The SLM variant incorporates intra-cavity etalons and extended cavity length control to enforce single-frequency operation with linewidth 300 m. The LM version prioritizes amplitude stability and low broadband intensity noise (< 0.5% rms) but operates on multiple longitudinal modes (typical linewidth ~0.3 nm).
Can these lasers be fiber-coupled?
Yes—CrystaLaser offers factory-installed single-mode PM fiber pigtails (SMF-28 or polarization-maintaining Panda fiber) with FC/APC connectors and guaranteed coupling efficiency ≥ 65% (higher with custom AR coatings). Collimated free-space output remains standard.

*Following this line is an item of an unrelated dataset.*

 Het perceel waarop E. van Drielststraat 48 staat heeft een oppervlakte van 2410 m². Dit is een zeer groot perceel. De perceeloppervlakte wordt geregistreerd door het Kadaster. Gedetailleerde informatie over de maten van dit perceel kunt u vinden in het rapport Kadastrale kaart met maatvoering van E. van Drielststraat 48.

Is external temperature control required?
No—each unit integrates a precision thermoelectric cooler (TEC) and PID-controlled thermal management system. Ambient operation is supported from 15 °C to 30 °C; for sub-milliradian pointing stability, enclosure within a temperature-stabilized optical bench is recommended.

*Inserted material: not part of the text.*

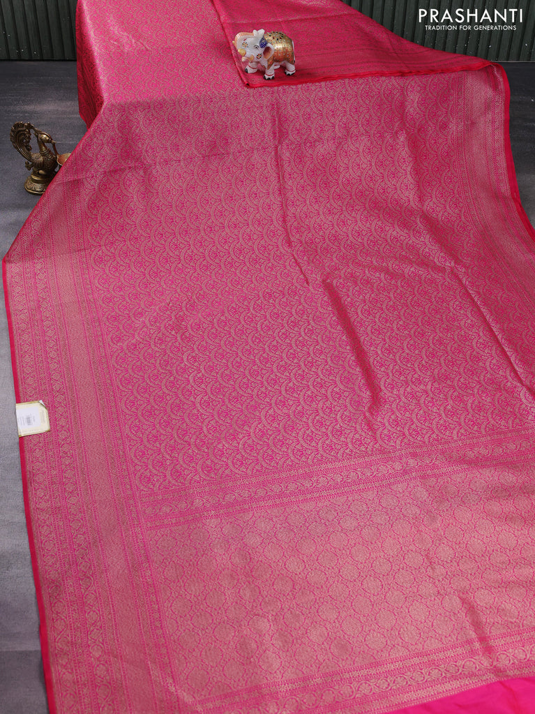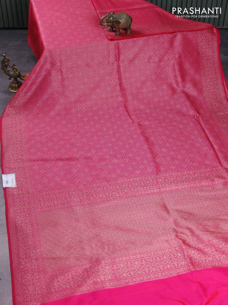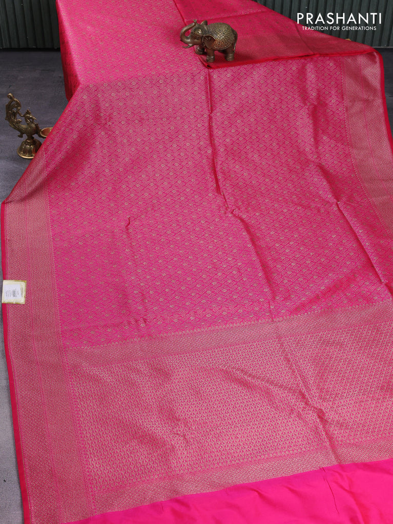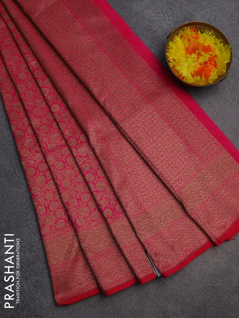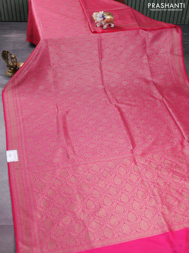 Banarasi semi silk saree pink with allover thread & zari weaves and woven border

Do you provide wavelength calibration certificates?
Yes—every unit ships with a NIST-traceable wavelength calibration report generated using a High-Finesse WS6-200 wavemeter (accuracy ±0.2 pm), along with beam quality (M²) and divergence validation per ISO 11146-1.
What is the typical warm-up time to achieve rated power stability?
Full thermal equilibrium and < 2% rms power stability are achieved within 15 minutes of cold start; ultra-stable configurations (< 0.25% over 24 h) require 45–60 minutes for optimal TEC settling and cavity mode locking.